Before starting your calf muscles building plan, you should understand the background of calf and how it functions. Many people may not understand clearly on the function of calf and thus made unnecessary mistake when trying to build up calf muscles. The main function of this part of your leg is to extend the ankle and is mainly built up with gastrocnemius and soleus muscles. Both of these muscles joint and attach to the heel which forms Achilles tendon.
There are many methods that you can use to build muscle for your calf, here is a list of 5 workout programs that you can practice to build up your calf muscles.
1. Donkey Calf Raise
Step onto any raised platform or the handle of the dumbbells with the entire balls of your feet. Lean forward at a 90-degree angle and get yourself support by holding onto something. This workout is named as donkey calf raise because somebody can sit on your lower back to put on resistance. It is vital that you do not cheat by using your arms to lift your bodyweight. Simply stand up on the balls of your feet extending your calf muscles in order to complete a repetition. It is perfectly well to carry out this workout with either bent knees or straight knees to entirely recruit the gastrocnemius muscle. Go as high as possible on each rep and move down with proper control.
Donkey calf raise exercise video
2. Standing Calf Raise
Standing calf raise is another workout that you can carry out to build up calf muscles. This workout is designed particularly to focus on the outermost muscles, as these muscles are mainly responsible for the size as well as the shape of your calves.
First of all, you need to find a raised step with railing installed so that you can hold on to the rail to balance your body. Arch hanging off the back by standing on the step and raise up you toes as high as possible. Do this slowly and stop for a second when you reach the peak that you can reach. Return to the original position slowly and practice for at least 8 to 12 times per leg.
Standing calf raise exercise video
3. Seated Calf Raise
Seated calf raise is a workout that designed to improve the calf’s soleus muscle. This workout is easy to perform, what you have to do at first is to sit on the machine with a ball of your feet on the edge of the foot pad. Lift you calves to take the weight off rack and drop your heels slowly. Raise your heel again to the maximum height that you can reach, stop at that position and squeeze the calf muscle, then lower back down slowly. Repeat this as many times as you desire.
Seated calf raise exercise video
4. Weighted Calf Raise
Find a step and stand with just your toes on the edge of the step. Raise and lower your heel gently by using your calf muscles. Some weight trainers will suggest you to use dumbbells at the same time for extra challenge. Also, you can load a weighted barbell and rest it across your the back of your shoulders. Calf raises workout can be done with a machine but that may not be as effective as by using free weights. To grow your calf muscle, you need heavy weight!
Weighted calf raise exercise video
5. Uphill Cardio
Uphill jogging or running is a good way to improve the strength of your calves and to build muscle. However, this exercise requires long term practice and the muscle growth is not significant in short term.

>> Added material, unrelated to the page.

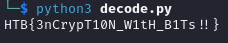HTB{3nCrypT10N_W1tH_B1Ts !! }

In some cases, stairmaster or incline can be used to build up the calf muscles much faster.
What is the Benefits of Building Calf Muscles?
Developing big and strong calf muscles not only will improve your appearance for your lower body, it will also give you more power in your sprints and jumps during your sports programs. Your calf muscles along with your quadriceps will also help to support your knee joints and subsequently reducing ware and tare.